-- AIM OF THE TASK --
Below are lines of data; restate word for word those running from the line containing "微球囊压迫术是在X线引导下,从患侧口角旁" to the line containing "ZARA BLACK SILKY", inclusive, and no others.

-- RECORD SET --
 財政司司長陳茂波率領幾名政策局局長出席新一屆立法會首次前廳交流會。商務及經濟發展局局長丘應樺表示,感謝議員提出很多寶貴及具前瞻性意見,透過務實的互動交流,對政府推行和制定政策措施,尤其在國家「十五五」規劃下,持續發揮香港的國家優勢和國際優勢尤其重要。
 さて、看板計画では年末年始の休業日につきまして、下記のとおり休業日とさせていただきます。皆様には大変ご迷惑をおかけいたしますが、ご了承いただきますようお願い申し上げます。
--
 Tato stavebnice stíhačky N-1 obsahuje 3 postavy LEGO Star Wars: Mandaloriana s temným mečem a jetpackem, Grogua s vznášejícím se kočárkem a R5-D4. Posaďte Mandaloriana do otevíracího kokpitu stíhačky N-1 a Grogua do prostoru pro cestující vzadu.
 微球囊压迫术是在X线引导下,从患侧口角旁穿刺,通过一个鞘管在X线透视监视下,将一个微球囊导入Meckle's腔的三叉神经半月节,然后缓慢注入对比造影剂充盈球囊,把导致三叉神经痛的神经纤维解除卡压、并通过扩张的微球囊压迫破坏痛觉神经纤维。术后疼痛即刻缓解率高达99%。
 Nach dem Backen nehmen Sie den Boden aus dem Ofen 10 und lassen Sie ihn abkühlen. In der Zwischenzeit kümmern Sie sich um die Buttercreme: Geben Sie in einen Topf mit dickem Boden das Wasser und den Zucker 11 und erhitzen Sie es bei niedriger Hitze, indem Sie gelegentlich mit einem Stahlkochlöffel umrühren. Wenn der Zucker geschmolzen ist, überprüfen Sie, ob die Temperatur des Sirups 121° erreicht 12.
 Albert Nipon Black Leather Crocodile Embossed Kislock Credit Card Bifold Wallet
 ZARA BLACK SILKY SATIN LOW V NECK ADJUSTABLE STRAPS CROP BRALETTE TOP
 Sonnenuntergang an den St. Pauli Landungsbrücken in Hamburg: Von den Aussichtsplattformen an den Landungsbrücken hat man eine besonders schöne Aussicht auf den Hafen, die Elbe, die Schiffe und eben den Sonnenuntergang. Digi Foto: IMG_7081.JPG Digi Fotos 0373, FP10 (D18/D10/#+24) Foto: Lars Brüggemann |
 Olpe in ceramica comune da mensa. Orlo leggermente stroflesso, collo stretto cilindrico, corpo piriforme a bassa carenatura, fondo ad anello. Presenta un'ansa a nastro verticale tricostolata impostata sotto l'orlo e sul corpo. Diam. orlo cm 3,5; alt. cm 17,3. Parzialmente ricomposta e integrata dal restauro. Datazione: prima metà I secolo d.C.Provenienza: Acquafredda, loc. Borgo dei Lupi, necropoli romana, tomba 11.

-- ANSWER SECTION --
 微球囊压迫术是在X线引导下,从患侧口角旁穿刺,通过一个鞘管在X线透视监视下,将一个微球囊导入Meckle's腔的三叉神经半月节,然后缓慢注入对比造影剂充盈球囊,把导致三叉神经痛的神经纤维解除卡压、并通过扩张的微球囊压迫破坏痛觉神经纤维。术后疼痛即刻缓解率高达99%。
 Nach dem Backen nehmen Sie den Boden aus dem Ofen 10 und lassen Sie ihn abkühlen. In der Zwischenzeit kümmern Sie sich um die Buttercreme: Geben Sie in einen Topf mit dickem Boden das Wasser und den Zucker 11 und erhitzen Sie es bei niedriger Hitze, indem Sie gelegentlich mit einem Stahlkochlöffel umrühren. Wenn der Zucker geschmolzen ist, überprüfen Sie, ob die Temperatur des Sirups 121° erreicht 12.
 Albert Nipon Black Leather Crocodile Embossed Kislock Credit Card Bifold Wallet
 ZARA BLACK SILKY SATIN LOW V NECK ADJUSTABLE STRAPS CROP BRALETTE TOP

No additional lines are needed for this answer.